Well i have been trawling through the posts on here and the numerous sites on the net over this fascinating subject of Bee keeping.

I was quite taken on by it all and the little beasts and was very enthusiastic about starting the hobby myself.

So much so that i have enquired with a member on here and also a few internet sellers about purchasing a Nuc to start off with next spring. I am quite handy with wood and have some stores of marine ply and was even going to build a Hive from scratch over the winter.

The next step was to arrange a Bee Keeping Course at first opportunity.

ANYWAY

You will note the above in past tense!

Having read the posts and comments under the thread "A very sobering experience" on the Stickies section, i have to admit i am rather put-off.

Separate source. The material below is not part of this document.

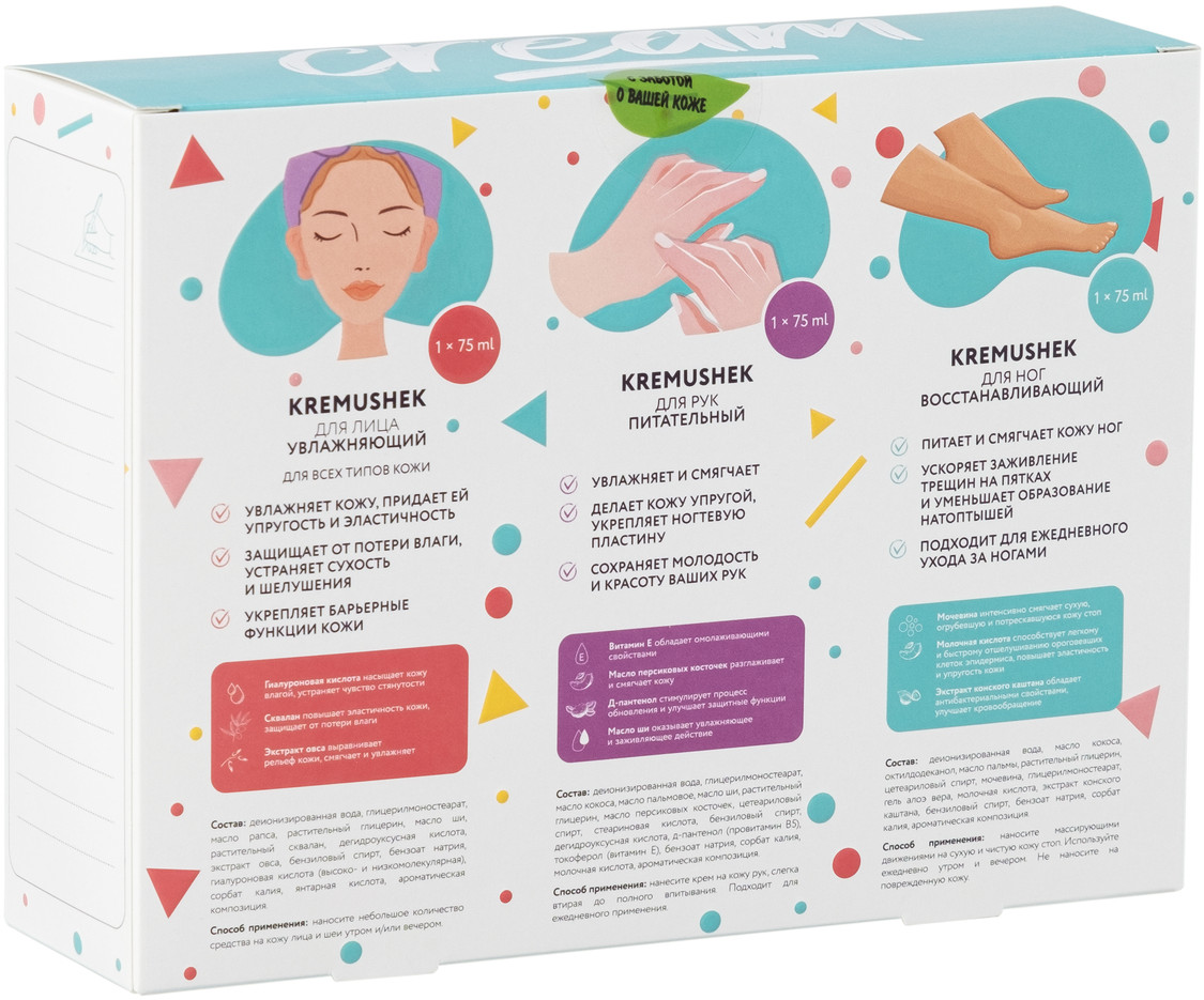 • крем для лица увлажняющий: деионизированная вода, глицерилмоно-стеарат, масло рапса, растительный глицерин, масло ши, растительный сквалан, дегидроуксусная кислота, экстракт овса, бензиловый спирт, бензоат натрия, гиалуроновая кислота (высоко- и низкомолекулярная), сорбат калия, янтарная кислота, ароматическая композиция.

I guess i am quite scared of being stung. I have been stung before as a child (some 30 odd years ago) and again about 5yrs ago on the neck. The latter occasion i did not know what it was that stung me. All i know it was either a wasp or a bee and it hurt like buggary! Almost like being punched in the jaw! It did swell and ached but went away after a day or so. There was no sting left behind.

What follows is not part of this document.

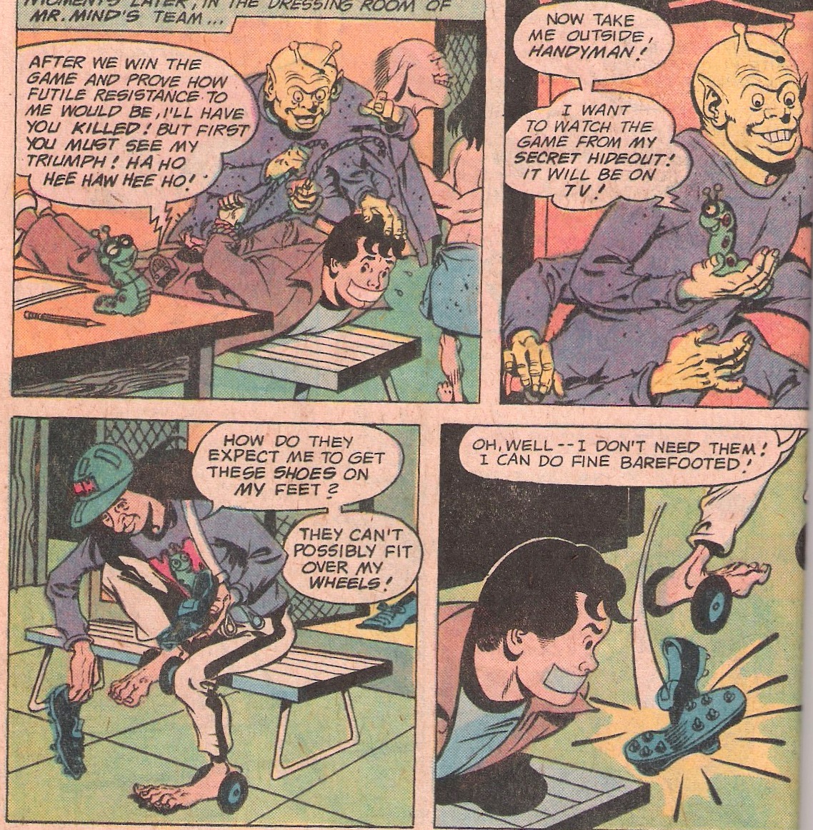 Anyway, Captain Marvel is having one of this, and soon has gotten a spot on the team. Mr. Mind is having none of it, however, so, while Billy Batson takes a break to call in the news about how Captain Marvel is going to have a game against aliens, Mr. Mind’s all-stars kidnap him. Thankfully, one of the aliens doesn’t want to use cleats, thus providing us a possible get-out-of-jail device… eventually.

I have read on here that the bees can sting through protective suits and gloves??

My wife has indicated that she will assist the hobby only so far in that she will help brush me down after i have finished messing with the hive. She reckons seeing the moving mass of insects would freak her out!

Dont know what to do.

We live in a detached house in a little village in Warwickshire next to a farm. There are no adjoining houses but a few gardens are nearby say within 500yrds and even then seperated by about a 12' hedge.

I was going to position the hive behind the garage which is a 7' grass strip flanked by a Barn used to store machinery and Corn.

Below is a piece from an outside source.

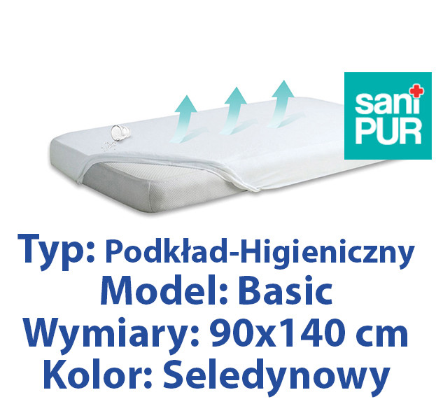 SANIPUR Podkład higieniczny- BASIC, Seledynowy, 90x140 cm, frotte podgumowany, nieprzemakalny, bez ftalanów (TS0104_0533)

One of my concerns is that if the bees ever swarm, will they not make a lovely nest either in the garage eaves or barn roof? (there must be lots of nice little holes behind the guttering)

I was going to place a bamboo screen about 7' high on the open ends of the grass strip to persuade the bees to gain height quickly above the farm-access track.

My wife and i are i guess what you could say conservationists although not vegie (is this relevant? :bigear: ) and we are all for the preservation of Bees for the environment.

Indeed we also have several pigs in a nearby field and a rather large veg garden. We would have loved to have had some of our own honey and wax.


Has anybody any comments? Suggestions?

As it stands i am kind of steering to the opinion that it was a nice thought but perhaps best to leave this hobby to somebody more thick skinned!

Am i right about the nesting in the roof issue?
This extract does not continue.